> TASK TO COMPLETE:
Skip the pictures and write out, word for word, the lines below from the one with "Haină din blană" through the one with "Der Einhell Akku-Schlagschrauber", inclusive.

> ENTRIES PROVIDED:

▼

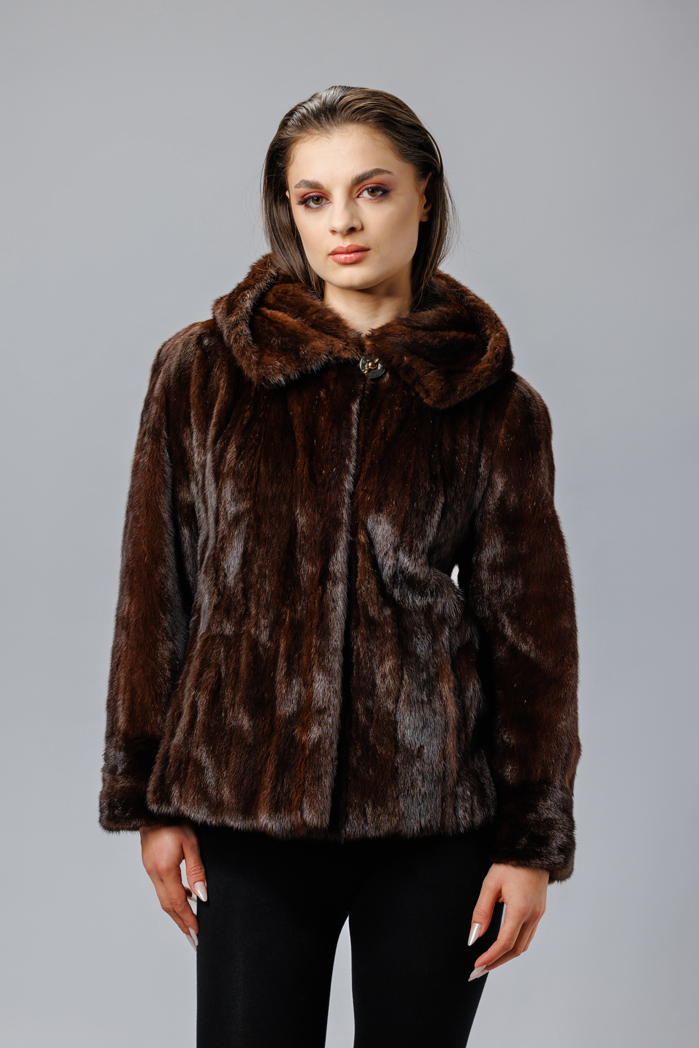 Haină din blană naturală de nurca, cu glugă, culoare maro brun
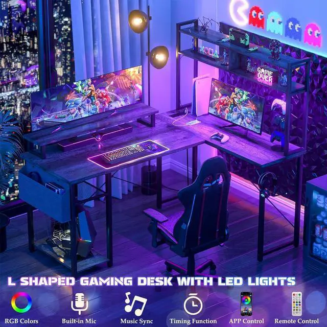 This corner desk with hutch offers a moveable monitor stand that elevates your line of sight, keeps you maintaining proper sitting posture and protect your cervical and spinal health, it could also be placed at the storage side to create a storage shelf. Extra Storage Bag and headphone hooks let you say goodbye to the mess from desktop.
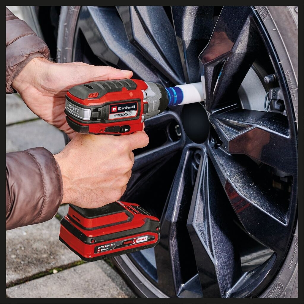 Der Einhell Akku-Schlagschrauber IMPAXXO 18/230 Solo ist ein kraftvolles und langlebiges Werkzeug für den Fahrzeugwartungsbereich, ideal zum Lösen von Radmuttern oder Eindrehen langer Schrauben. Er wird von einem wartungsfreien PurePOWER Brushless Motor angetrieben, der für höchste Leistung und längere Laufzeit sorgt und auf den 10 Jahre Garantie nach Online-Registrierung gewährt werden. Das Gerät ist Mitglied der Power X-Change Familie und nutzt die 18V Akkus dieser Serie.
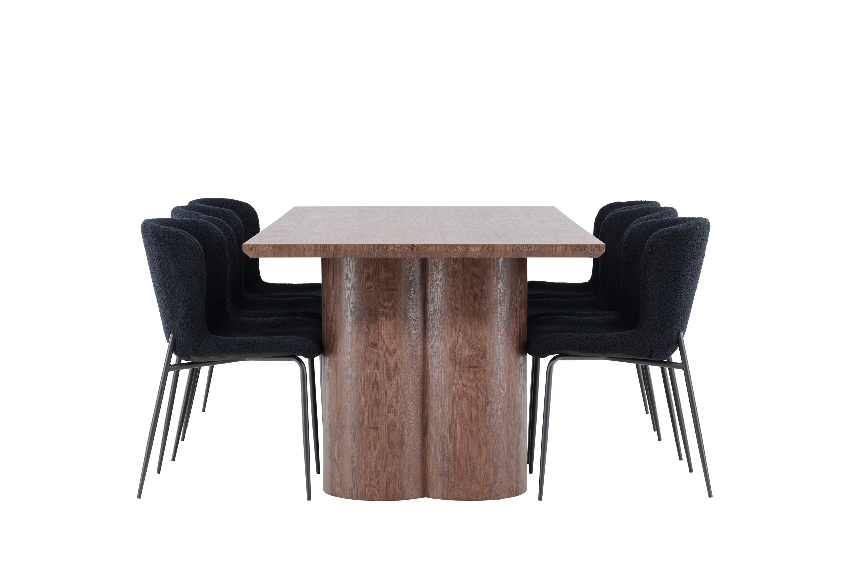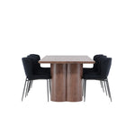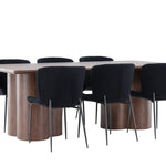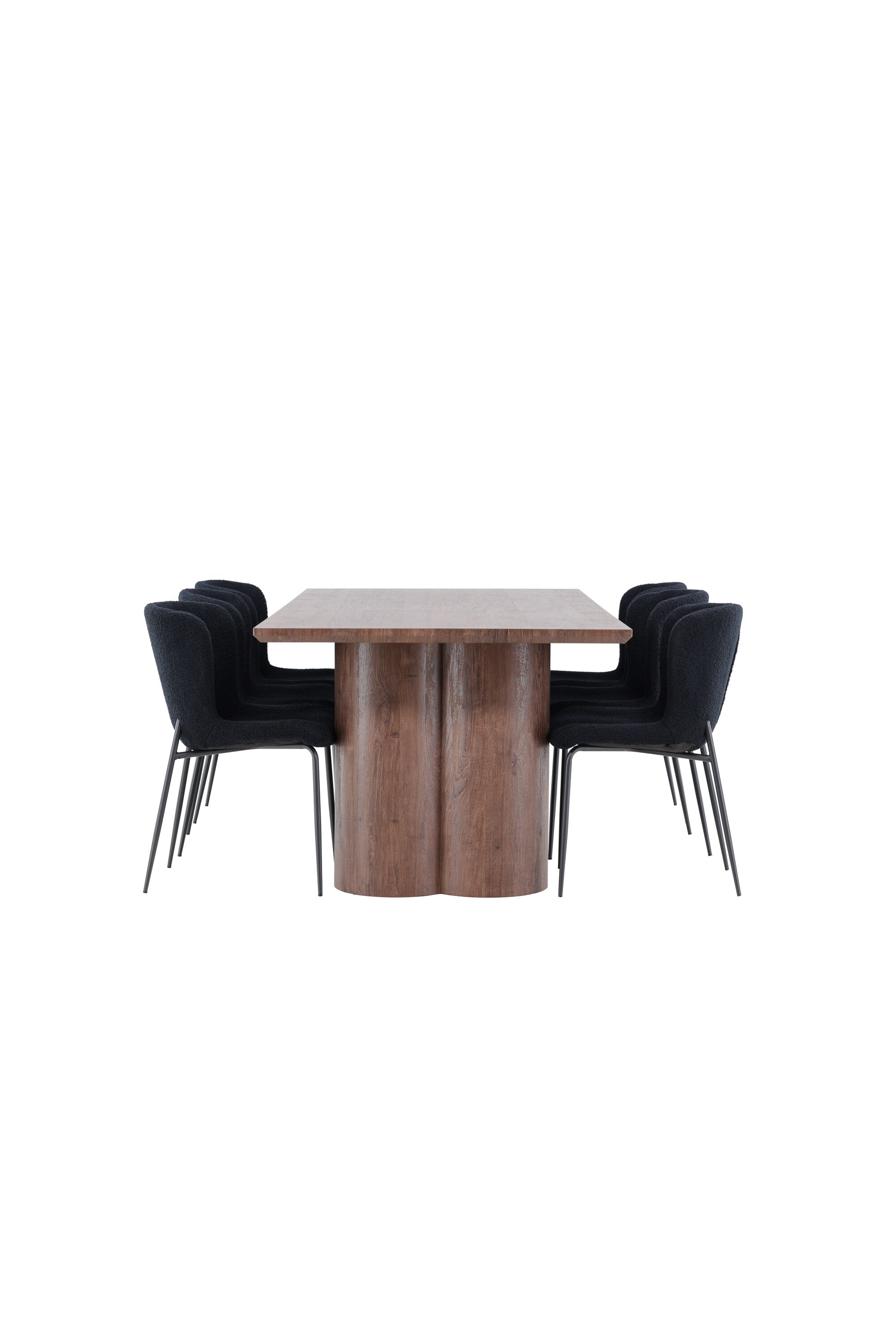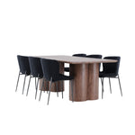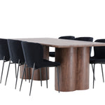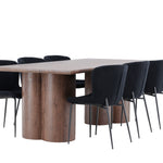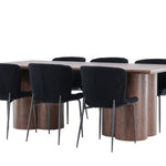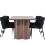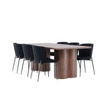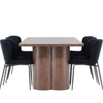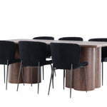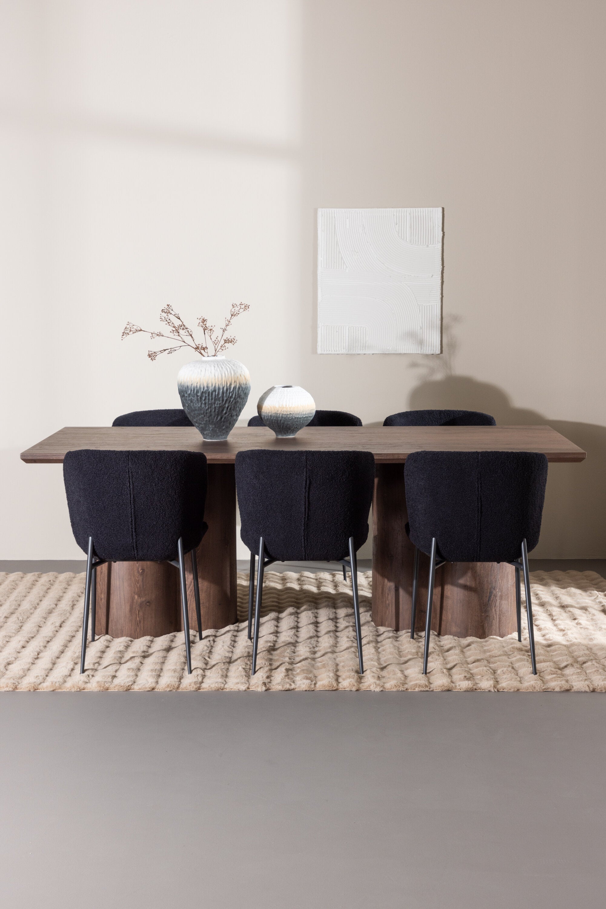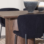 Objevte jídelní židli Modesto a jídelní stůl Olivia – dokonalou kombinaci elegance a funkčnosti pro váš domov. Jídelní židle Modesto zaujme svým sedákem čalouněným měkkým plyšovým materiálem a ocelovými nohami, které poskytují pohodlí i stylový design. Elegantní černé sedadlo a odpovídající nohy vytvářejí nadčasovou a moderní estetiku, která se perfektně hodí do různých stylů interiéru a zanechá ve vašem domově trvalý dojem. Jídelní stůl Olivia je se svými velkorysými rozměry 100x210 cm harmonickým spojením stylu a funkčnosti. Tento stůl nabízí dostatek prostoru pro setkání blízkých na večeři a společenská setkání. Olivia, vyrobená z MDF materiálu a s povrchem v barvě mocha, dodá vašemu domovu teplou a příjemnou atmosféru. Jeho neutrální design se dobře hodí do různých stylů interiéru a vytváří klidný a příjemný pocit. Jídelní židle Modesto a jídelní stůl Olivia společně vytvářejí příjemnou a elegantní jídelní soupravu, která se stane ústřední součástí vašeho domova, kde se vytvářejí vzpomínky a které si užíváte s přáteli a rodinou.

▲
▼

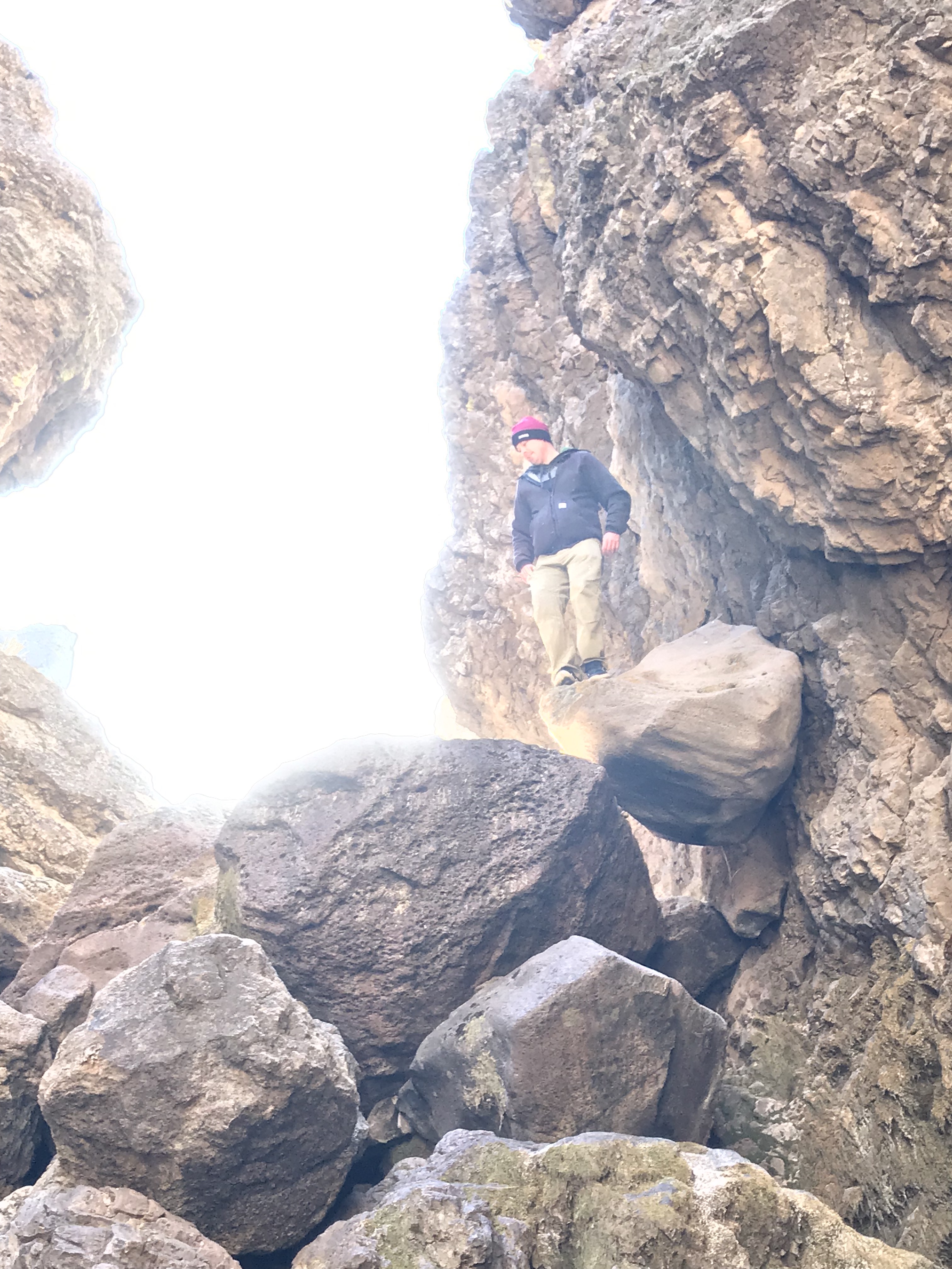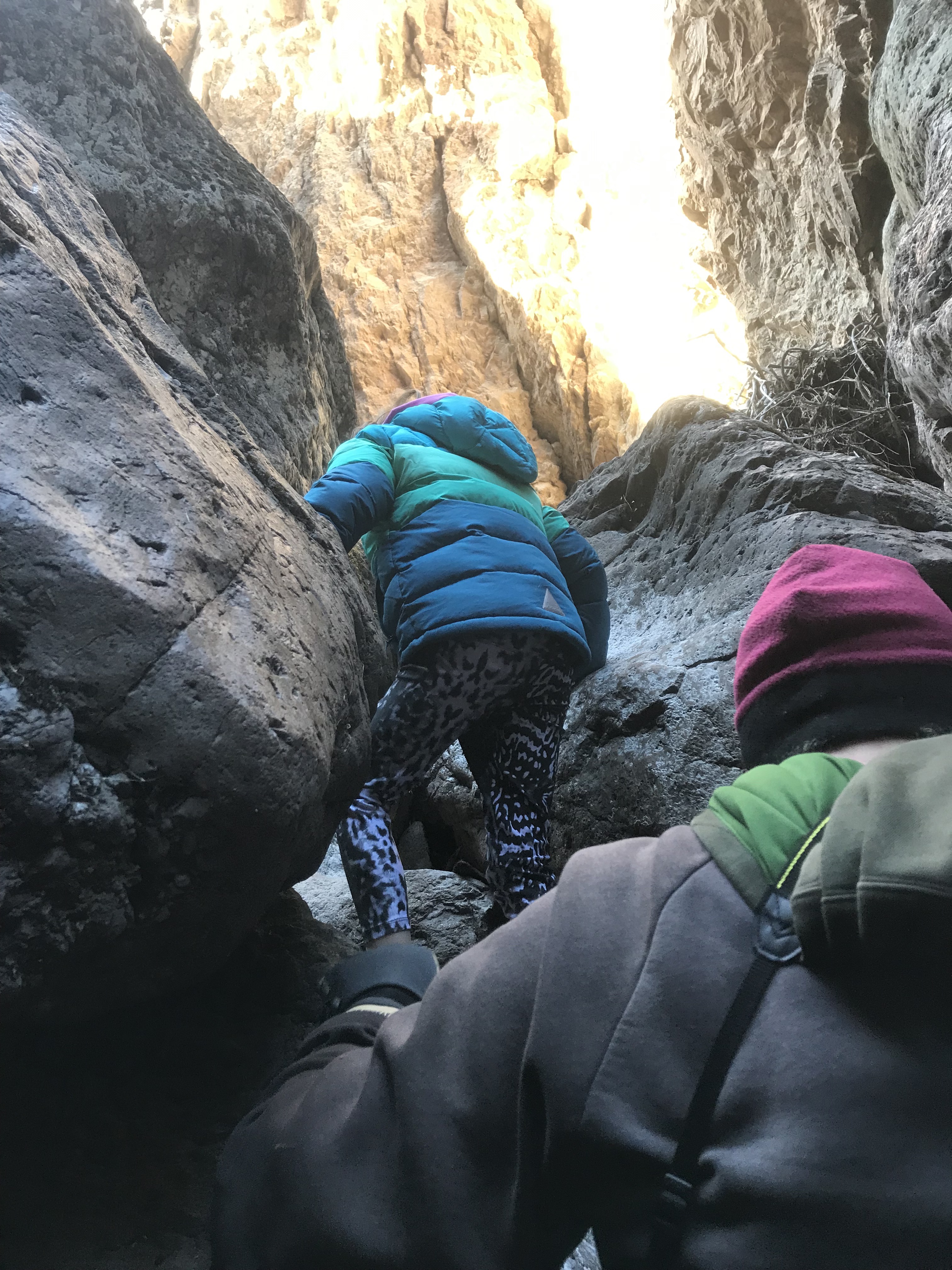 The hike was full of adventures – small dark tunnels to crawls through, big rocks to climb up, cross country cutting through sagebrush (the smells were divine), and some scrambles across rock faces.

▲

> RESPONSE BOX:
 Haină din blană naturală de nurca, cu glugă, culoare maro brun
 This corner desk with hutch offers a moveable monitor stand that elevates your line of sight, keeps you maintaining proper sitting posture and protect your cervical and spinal health, it could also be placed at the storage side to create a storage shelf. Extra Storage Bag and headphone hooks let you say goodbye to the mess from desktop.
 Der Einhell Akku-Schlagschrauber IMPAXXO 18/230 Solo ist ein kraftvolles und langlebiges Werkzeug für den Fahrzeugwartungsbereich, ideal zum Lösen von Radmuttern oder Eindrehen langer Schrauben. Er wird von einem wartungsfreien PurePOWER Brushless Motor angetrieben, der für höchste Leistung und längere Laufzeit sorgt und auf den 10 Jahre Garantie nach Online-Registrierung gewährt werden. Das Gerät ist Mitglied der Power X-Change Familie und nutzt die 18V Akkus dieser Serie.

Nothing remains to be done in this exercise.